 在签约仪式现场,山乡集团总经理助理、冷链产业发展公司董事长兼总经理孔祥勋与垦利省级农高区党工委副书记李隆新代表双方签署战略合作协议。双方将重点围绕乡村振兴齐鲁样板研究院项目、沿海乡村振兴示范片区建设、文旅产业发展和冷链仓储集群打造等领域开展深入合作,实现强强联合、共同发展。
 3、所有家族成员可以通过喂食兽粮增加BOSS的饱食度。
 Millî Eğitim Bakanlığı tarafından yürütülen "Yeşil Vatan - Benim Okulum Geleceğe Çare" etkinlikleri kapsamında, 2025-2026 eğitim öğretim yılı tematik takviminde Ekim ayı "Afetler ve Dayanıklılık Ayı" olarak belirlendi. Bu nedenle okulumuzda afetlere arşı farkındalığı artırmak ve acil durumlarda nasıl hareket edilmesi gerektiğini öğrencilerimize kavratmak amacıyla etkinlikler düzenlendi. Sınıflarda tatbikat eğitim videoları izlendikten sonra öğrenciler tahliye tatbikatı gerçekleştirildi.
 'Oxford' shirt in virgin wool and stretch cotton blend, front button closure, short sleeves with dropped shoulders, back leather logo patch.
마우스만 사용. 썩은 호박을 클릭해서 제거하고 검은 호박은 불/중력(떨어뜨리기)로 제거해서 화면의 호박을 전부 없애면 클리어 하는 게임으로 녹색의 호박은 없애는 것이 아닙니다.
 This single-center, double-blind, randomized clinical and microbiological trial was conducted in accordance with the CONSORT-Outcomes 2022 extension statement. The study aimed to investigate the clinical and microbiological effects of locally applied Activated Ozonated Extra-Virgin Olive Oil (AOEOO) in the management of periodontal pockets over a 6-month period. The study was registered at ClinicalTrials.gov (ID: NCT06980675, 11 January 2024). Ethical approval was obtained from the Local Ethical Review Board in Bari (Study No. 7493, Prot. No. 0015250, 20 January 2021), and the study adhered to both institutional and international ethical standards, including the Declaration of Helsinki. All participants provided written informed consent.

--*--

*THE TASK*:
All lines in the listing above from the line containing "Millî Eğitim Bakanlığı" to the line containing "마우스만 사용. 썩은", inclusive, should be retyped exactly; no other lines should appear.

*SOLUTION*:
 Millî Eğitim Bakanlığı tarafından yürütülen "Yeşil Vatan - Benim Okulum Geleceğe Çare" etkinlikleri kapsamında, 2025-2026 eğitim öğretim yılı tematik takviminde Ekim ayı "Afetler ve Dayanıklılık Ayı" olarak belirlendi. Bu nedenle okulumuzda afetlere arşı farkındalığı artırmak ve acil durumlarda nasıl hareket edilmesi gerektiğini öğrencilerimize kavratmak amacıyla etkinlikler düzenlendi. Sınıflarda tatbikat eğitim videoları izlendikten sonra öğrenciler tahliye tatbikatı gerçekleştirildi.
 'Oxford' shirt in virgin wool and stretch cotton blend, front button closure, short sleeves with dropped shoulders, back leather logo patch.
마우스만 사용. 썩은 호박을 클릭해서 제거하고 검은 호박은 불/중력(떨어뜨리기)로 제거해서 화면의 호박을 전부 없애면 클리어 하는 게임으로 녹색의 호박은 없애는 것이 아닙니다.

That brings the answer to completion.